Monday, February 21, 2005

From Alaska to Florida... a court roundup

The courts are back in the news about education. In four parts:

(1) Right here in Texas, the state Supreme Court has decided to hear the appeal of the case that ruled the state's education system to be unconstitutional. I've long thought that the all Republican Supreme Court would quickly overturn the lower court's decision. But District Judge John Dietz was so meticulous in his 200 page Findings of Fact that they'll have their work cut out for them if they intend to show that the system is indeed adequate and equitable. (It's neither.)

(2) A similar case will be heard next month in Alaska. On first glance, though, I think this one will lose. The Alaska Constitution has no specifics about its education system. In Texas, the constitution says that the state must provide for "a general diffusion of knowledge" and an "efficient" system. No such stipulations in Alaska.

(3) The Massachusetts Supreme Court, apparently cowed by the backlash to its uber-controversial ruling in favor of gay marriage last fall, ruled that it could not get involved in school funding, instead leaving the matter to the state Leg.

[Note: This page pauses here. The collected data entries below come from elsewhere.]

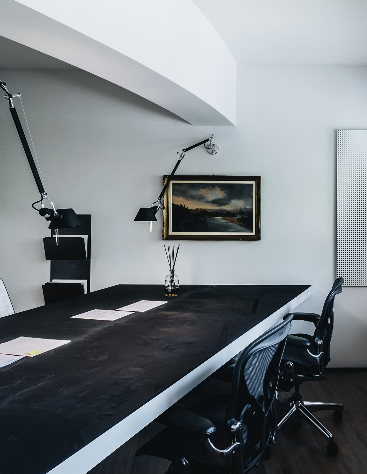L’ufficio è stato progettato per riflettere il nostro modo di lavorare, basato su dialogo, collaborazione e attenzione al dettaglio. Era importante trovare un equilibrio tra rappresentanza e funzionalità, valorizzando allo stesso tempo la particolarità architettonica della torre cilindrica.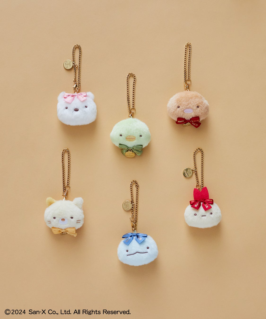 すみっコたちを刺繍で施したバッグは、2型ご用意いたしました。ブランド定番の「フリルハンドルトートバッグ」は、すみっこたちが集合したデザインに。帆布素材の「トートバッグ」には、ブランドロゴにすみっコたちが寄り添う可愛らしい姿を表現しました。すみっコたちとリボンをそれぞれあわせた「チャーム」と、すみっコたちの顔をぬいぐるみ仕様にした「バッグチャーム」を、トートバッグとあわせてコーディネートするのもおすすめです。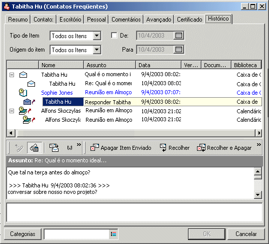 Use a guia Histórico para ver toda a correspondência trocada com um contato.
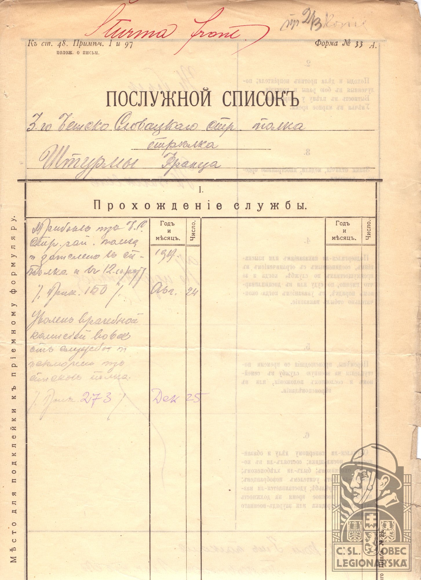 Jednotka v době zařazení:11.stř.pl. ( Čs. legie v Rusku )

(4) And finally, in Florida, the Supremes will have to rule if the state's controversial (and small -- only 700 students) voucher program violates the state's constitutional ban of public funding of religious institutions of any kind. Of course, the Supreme Court upheld vouchers for church schools in Ohio, but this is different as it deals with the state constitution in a state Republicans (w/ Gov. Jeb at the helm) would like to use as a proving ground for vouchers. I think the vouchers will lose. The language in the constitution is pretty clear.